Pola preferensi pemilihan mobil kini telah berbeda. Hal ini diungkapkan oleh pengamat otomotif sekaligus akademisi Institut Teknologi Bandung (ITB), Yannes Pasaribu. Menurutnya, generasi muda saat ini tak lagi menunjukkan loyalitas terhadap suatu merek mobil.
"Manusia modern Indonesia sedang bergeser cepat, dari awalnya dikuasai generasi tua (baby boomers dan milenial awal) ke generasi milenial akhir dan Gen Z awal yang semakin tidak loyal pada brand," kata Yannes kepada kumparan beberapa waktu lalu.
Ia menambahkan, generasi tersebut lebih melihat sebuah mobil berdasarkan kelengkapan fitur dan harga yang ditawarkan. Ketika fitur melimpah dan harga terjangkau, maka value for money akan didapatkan.
"(Milenial akhir dan Gen Z) semakin memahami pentingnya value for money. Segmen pasar yang baru ini semakin ingin menikmati kenyamanan dan new experience dari setiap rupiah yang mereka keluarkan," katanya.
Seremoni handover 1.000 unit Chery Tiggo Cross CSH di Jakarta. Foto: Aditya Pratama Niagara/kumparan
Seperti yang beredar di pasaran, mobil-mobil saat ini mulai menyematkan fitur-fitur canggih penunjang gaya hidup dan kebutuhan generasi muda masa kini. Seperti panoramic roof, wireless smartphone charger, serta konektivitas Android Auto dan Apple CarPlay.
Bahkan aksesori kit karaoke di sejumlah mobil China seperti Jaecoo dan BYD pun bisa didapatkan melalui diler resmi. Nah, kata Yannes, saat ini merek China memang berusaha memenuhi permintaan-permintaan tersebut.

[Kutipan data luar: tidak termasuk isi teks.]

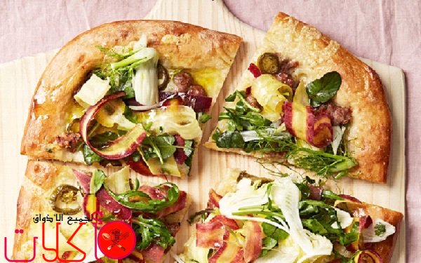 - نترك البيتزا جانباً كي تبرد وفي هذه الأثناء نقشر الجزر ونقسمه إلى شرائح بالمقشرة ثم نقطع الشمر إلى شرائح . نخلط الجزر والشمر والجرجير مع المحلول الملحي للمخلل و 2 ملعقة كبيرة زيت وملح وفلفل .

"Pemain-pemain raksasa China mulai membangun ekosistem terintegrasi, dari energi, purna jual, hingga digitalisasi pengalaman berkendara. Mereka bermain di level berbeda, menjadi penyedia solusi mobilitas manusia modern," jelas Yannes.
Adapun perhatian terhadap para pabrikan Jepang yang selama ini berada di zona nyaman harus bisa menyesuaikan kompetisi yang terjadi di pasar Indonesia saat ini.
Mobil listrik BYD Atto 1 ditampilkan di booth Mobil Listrik BYD saat Gaikindo Indonesia International Auto Show (GIIAS) 2025 di ICE BSD, Tangerang, Kamis (24/7/2025). Foto: Aditia Noviansyah/kumparan
Terlebih kondisi industri otomotif nasional tengah berada di fase VUCA (volatile, uncertain, complex, ambiguous) atau bersifat mudah berubah, tidak pasti, rumit, dan ambigu.
"Dalam konteks situasi pasar yang semakin VUCA, merek-merek mapan dari Jepang dan Eropa memang terancam mengalami nasib serupa seperti Kodak dan Blackberry, yakni terlambat mengantisipasi perubahan besar karena bertahan dalam zona nyaman," ujarnya.
"Mereka mengandalkan warisan loyalitas, teknologi lama, dan model bisnis yang sudah terbukti di masa lalu. Tapi, justru itu yang membuat mereka kurang lincah ketika disrupsi mulai datang," sambungnya.
Guna mengantisipasi agresivitas merek China dengan teknologinya, para pabrikan Jepang bisa melakukan berbagai cara, seperti mempercepat elektrifikasi, membuka kolaborasi lintas negara, dan membongkar ulang rantai pasok dan model bisnis mereka.
"Risikonya adalah mereka semakin tidak relevan lagi untuk tetap ada di masa kini dan ke depannya, punah seperti dinosaurus," pungkasnya.